*** Opening INPUT RECORDS ***

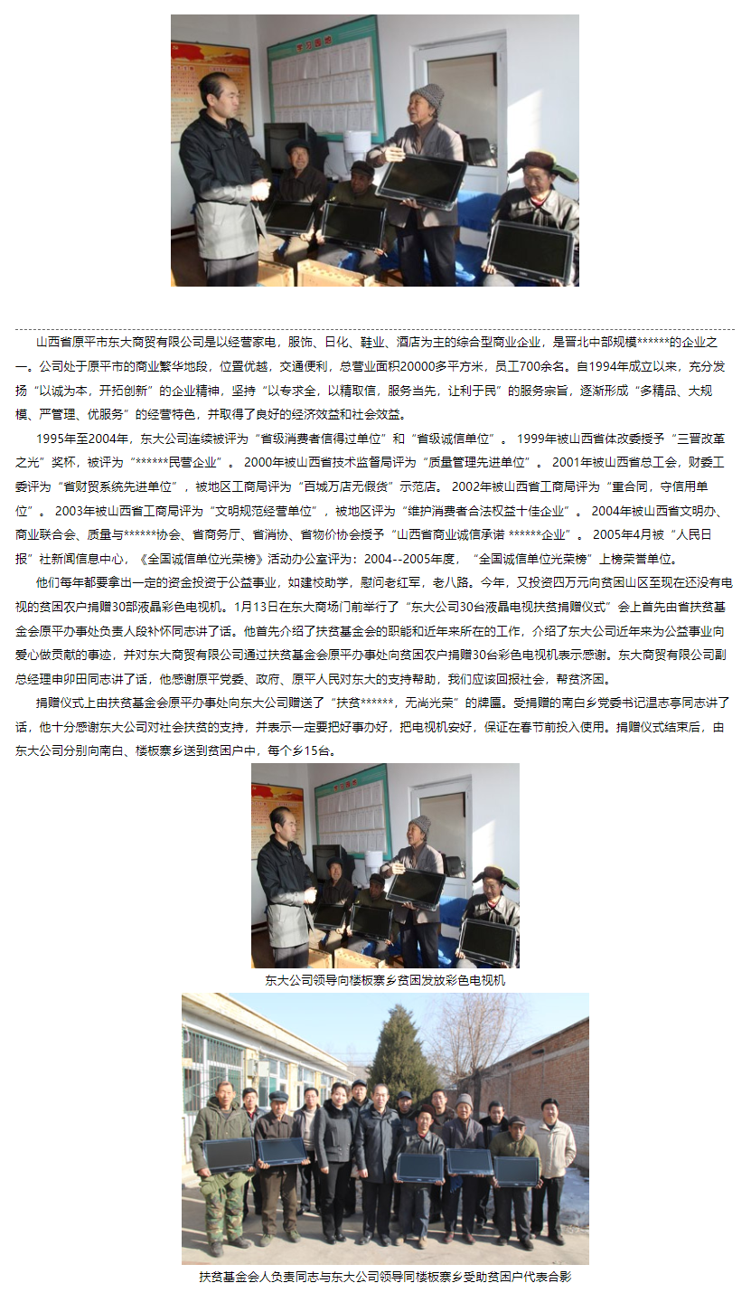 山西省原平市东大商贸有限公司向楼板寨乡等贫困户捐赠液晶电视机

*** Closing INPUT RECORDS ***
*** Opening INPUT RECORDS ***

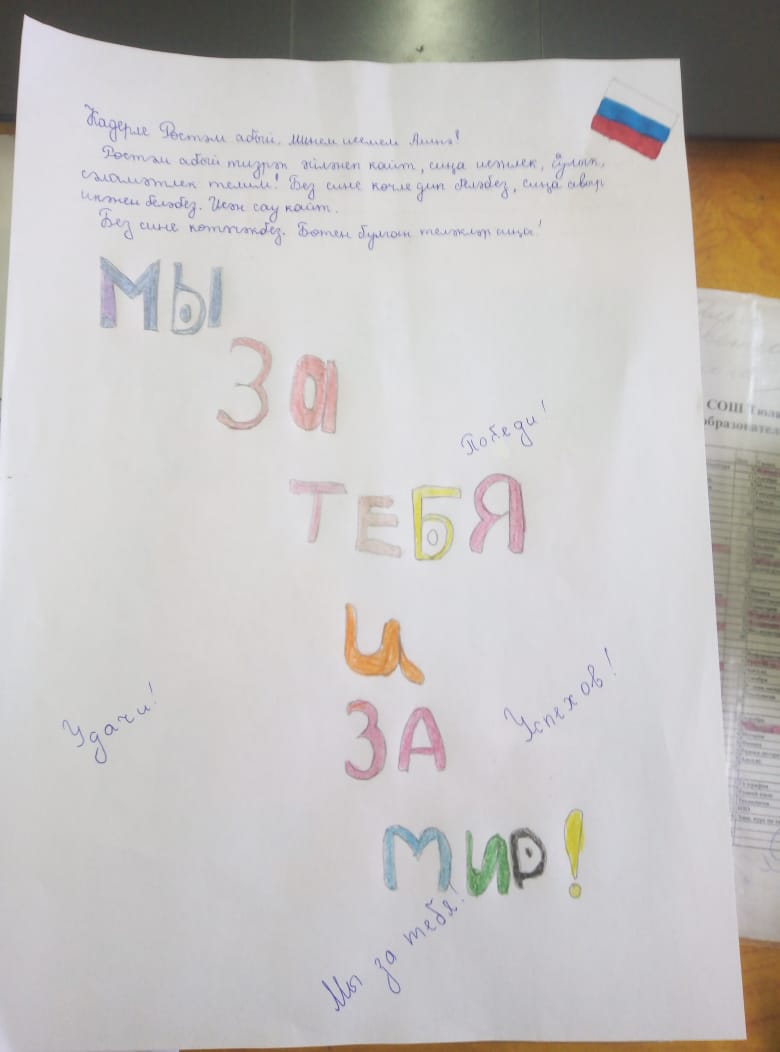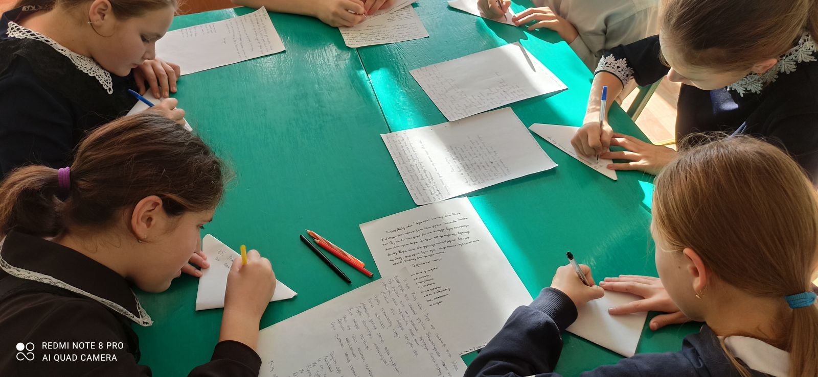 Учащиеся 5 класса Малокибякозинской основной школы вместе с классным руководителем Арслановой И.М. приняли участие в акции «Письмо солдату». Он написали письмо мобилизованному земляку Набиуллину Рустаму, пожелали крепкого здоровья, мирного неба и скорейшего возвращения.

*** Closing INPUT RECORDS ***
*** Opening INPUT RECORDS ***

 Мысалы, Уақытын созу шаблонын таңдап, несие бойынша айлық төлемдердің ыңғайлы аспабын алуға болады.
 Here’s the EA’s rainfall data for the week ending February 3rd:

*** Closing INPUT RECORDS ***

(WHAT YOU SHOULD DO): From the records above, transcribe without alteration every line from the one with "Мысалы, Уақытын созу" to the one with "Here’s the EA’s", inclusive.

(RESPONSE TO THIS TASK):
 Мысалы, Уақытын созу шаблонын таңдап, несие бойынша айлық төлемдердің ыңғайлы аспабын алуға болады.
 Here’s the EA’s rainfall data for the week ending February 3rd:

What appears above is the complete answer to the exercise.